StableDrag: Stable Dragging for Point-based Image Editing
Основні поняття
Designing a stable and precise drag-based editing framework, StableDrag, to enhance image manipulation through discriminative point tracking and confidence-based motion supervision.
Анотація
"StableDrag" is introduced as a framework for stable and precise point-based image editing. It addresses the limitations of existing dragging schemes by focusing on accurate point tracking and complete motion supervision. The proposed method aims to boost stability in long-range manipulation and ensure high-quality editing outcomes. By combining discriminative point tracking with confidence-based latent enhancement, two models, StableDrag-GAN and StableDrag-Diff, are instantiated for stable dragging performance. Extensive qualitative experiments and quantitative assessments on DragBench showcase the effectiveness of StableDrag in achieving stable and precise drag performance.
StableDrag
Статистика
DragDiffusion explores adapting the dragging scheme to diffusion models.

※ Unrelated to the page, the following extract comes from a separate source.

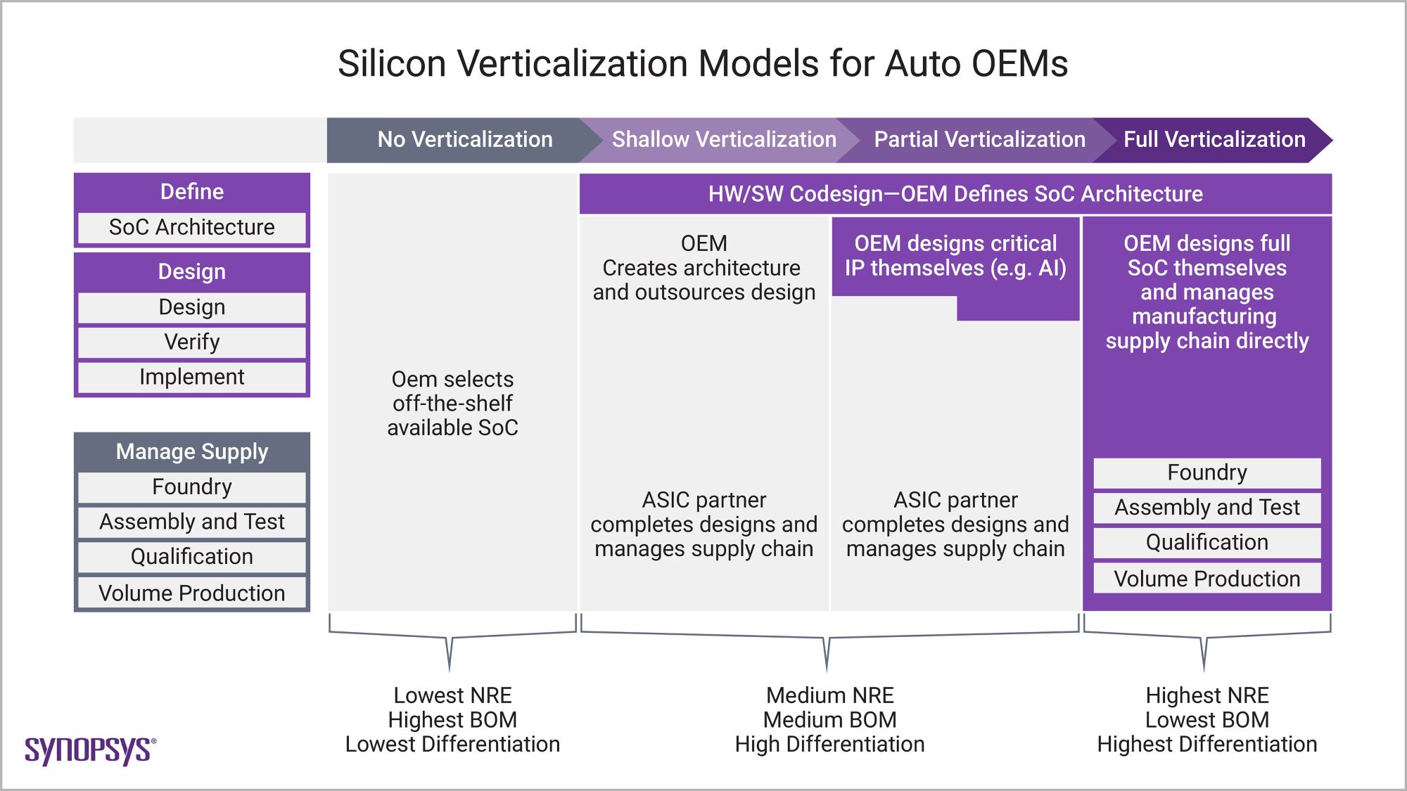 An important question all OEMs must ask is, “How much silicon competence does my organization need?” The answer will determine the degree of verticalization they can achieve across the silicon-to-systems value chain. OEMs that have no verticalization today must decide whether to progress to shallow or partial verticalization or full verticalization. Full verticalization requires the highest NRE (non-recurring engineering) effort but offers the greatest differentiation.
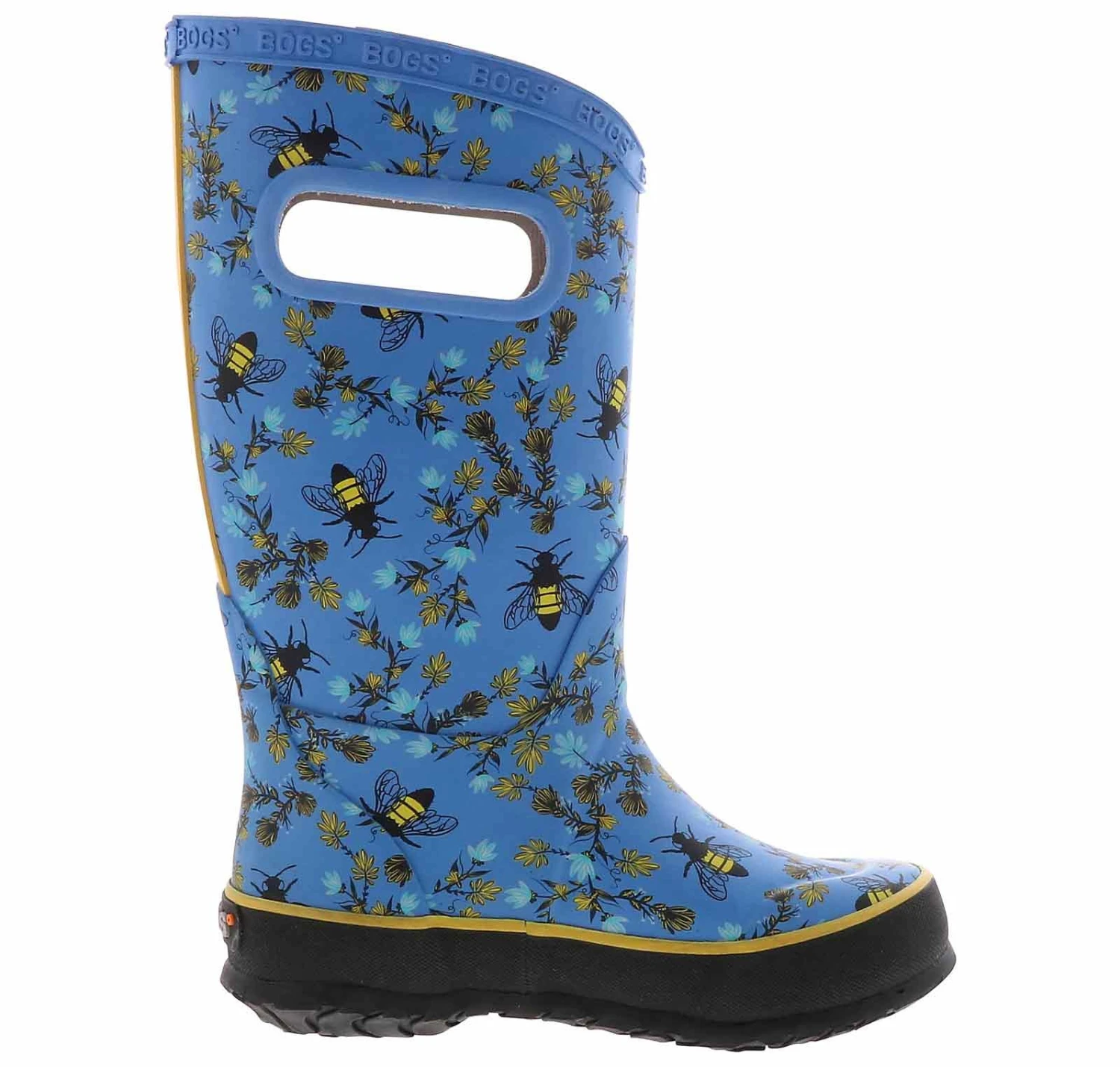 She will look sweet as can be wearing the Bogs Bees Azure Girls’ (1-6) Rain Boot! This slip-on rubber boot features a cushioned insole and two pull-on handles for easy self-dressing. With a waterproof design, she will want to play in all the puddles wearing the Bogs Bees Azure Girls’ (1-6) Rain Boot!

Discriminative point tracking model size: 1 × C × 1 × 1.
Learning rate for Adam optimizer: 0.01 for StableDrag-Diff, 0.001 for StableDrag-GAN.
Цитати
"Thanks to these unique designs, we instantiate two types of image editing models including StableDrag-GAN and StableDrag-Diff."
"Our contributions are summarized as follows: We propose a discriminative point tracking method."
"In detail, we utilize the tracking confidence score of the handle points to assess the quality of the current manipulation process."